▸ **Supplied material**:
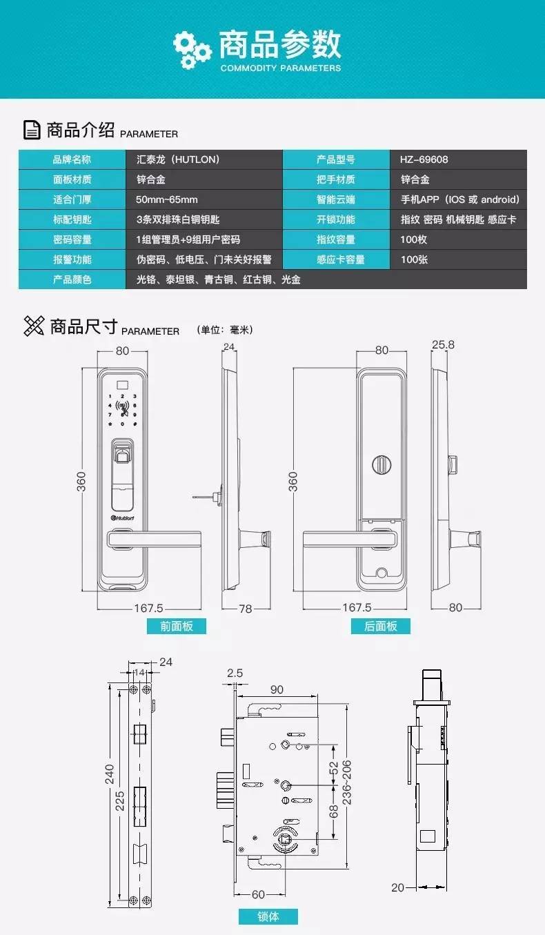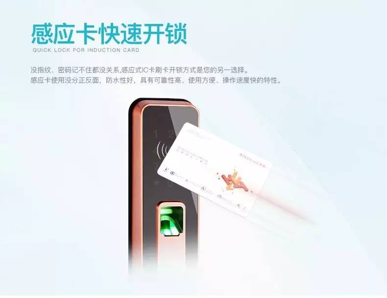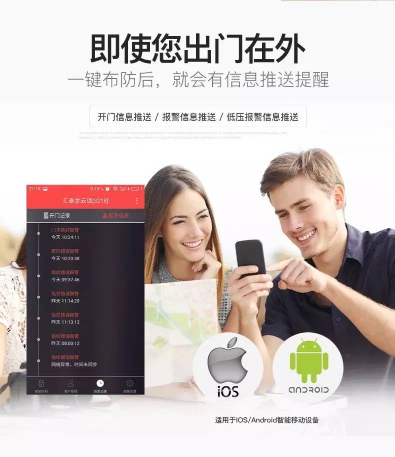 匯泰龍云鎖采用先進的生物識別技術,擁有指紋、密碼、感應卡、機械鑰匙、手機APP五合一開鎖方式,指紋輕觸間實現開鎖,配有真人語音提示,且擁有低電量雙重提醒功能。擁有十幾項發明專利,幾十項實用新型專利,集便捷、安全于一身。
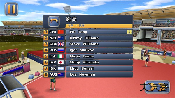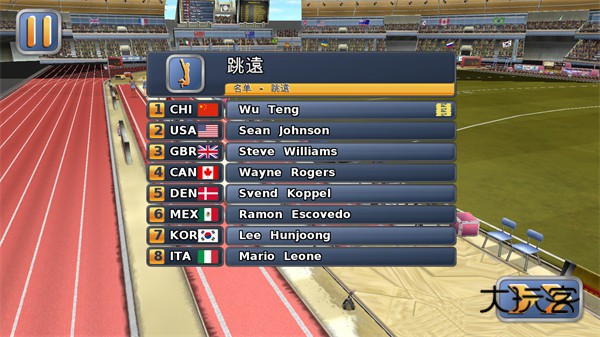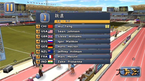 2、进入比赛之后,可以看到需要参赛的名单,来自各个不同的国家,接下来以跳远为例为各位小伙伴介绍一下游戏的玩法。
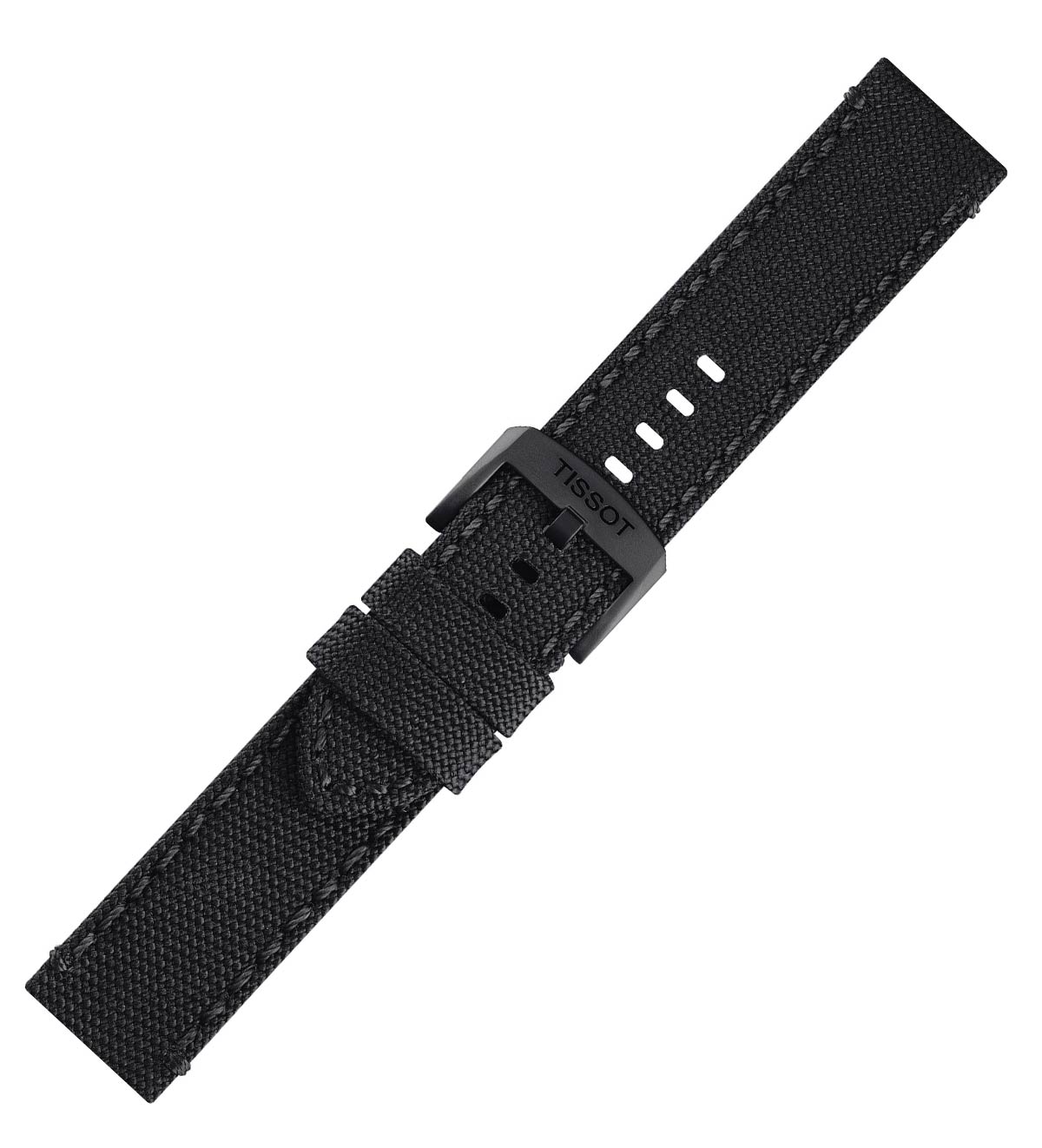 Originální řemínek k hodinkám Tissot Chrono XL. Vyrobeno z černého textilního materiálu Tissot T604044936, který dodává sportovní charakter všem hodinkám. Skvěle se hodí ke sportovním hodinkám Tissot, které lze osadit páskem o šířce 22 mm. Spona z nerezové oceli, potažená černým PVD, s čirým nápisem Tissot.

▸ **Problem**:
A faithful transcription of the material, with no pictures, is the expected result.

▸ **Your response**:
 匯泰龍云鎖采用先進的生物識別技術,擁有指紋、密碼、感應卡、機械鑰匙、手機APP五合一開鎖方式,指紋輕觸間實現開鎖,配有真人語音提示,且擁有低電量雙重提醒功能。擁有十幾項發明專利,幾十項實用新型專利,集便捷、安全于一身。
 2、进入比赛之后,可以看到需要参赛的名单,来自各个不同的国家,接下来以跳远为例为各位小伙伴介绍一下游戏的玩法。
 Originální řemínek k hodinkám Tissot Chrono XL. Vyrobeno z černého textilního materiálu Tissot T604044936, který dodává sportovní charakter všem hodinkám. Skvěle se hodí ke sportovním hodinkám Tissot, které lze osadit páskem o šířce 22 mm. Spona z nerezové oceli, potažená černým PVD, s čirým nápisem Tissot.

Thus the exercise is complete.